Buck Showalter opens up about Yankees tenure, state of New York baseball – New York Post

With the MLB season entering the final weeks of the regular season, former Yankees manager Buck Showalter takes a swing at some Q&A with Post columnist Steve Serby.

Q: How would you compare Derek Jeter and Alex Rodriguez as prospects?

A: Derek had the ability to always dial up what the situation called for. If he sacrificed some contact, he would probably have hit more home runs than he finished with, but he wouldn’t have been Derek. He stayed on top of his body, he never let it get away from him. That’s hard to do. I had Alex in Texas … this guy was a man playing with children at that point. Everybody talked about that contract in Texas at the time, but if you look at it statistically, he lived up to the contract.

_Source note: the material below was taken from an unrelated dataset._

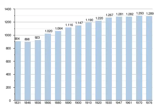 - Bronnen:NIS, Opm:1831 tot en met 1970=volkstellingen; 1976 = inwoneraantal op 31 december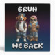 Get ready for the new school year with this fun and trendy “Bruh, We Back” design! Featuring an image of a young dog and cat, both looking super cool with their backpacks, backwards baseball hats, and sunglasses, this design is perfect for students who love pets and want to make a statement. Our stylish furry friends make it a great addition to any back-to-school collection.

Q: Your reaction when A-Rod moved from shortstop to third with the Yankees.

A: For Derek Jeter? Yeah. He wouldn’t have been for any Tom, Dick or Harry, I can tell you that. Alex loved to win. He hates being part of mediocrity. He’s a fan of the game, he absorbs a lot of things that go on peripherally. And that’s why he’s such a survivor. He humbled himself going into New York — whatever the team needs, I don’t need to play shortstop with Derek Jeter here. Can you imagine if that was an issue?. I’m sure they had that conversation long before the trade was made.

You should have seen what else we could have got in that trade.

Q: Such as?

A: Robinson Cano. He was on the list of guys we could pick from. The Yankees did a great job of camouflaging that one.

Q: How so?

A: We had a group of about five players to pick from. And we could turn somebody around for [Jose] Reyes, we could have ended up with Reyes and Cano in that deal.

Q: You preferred [Alfonso] Soriano over Cano?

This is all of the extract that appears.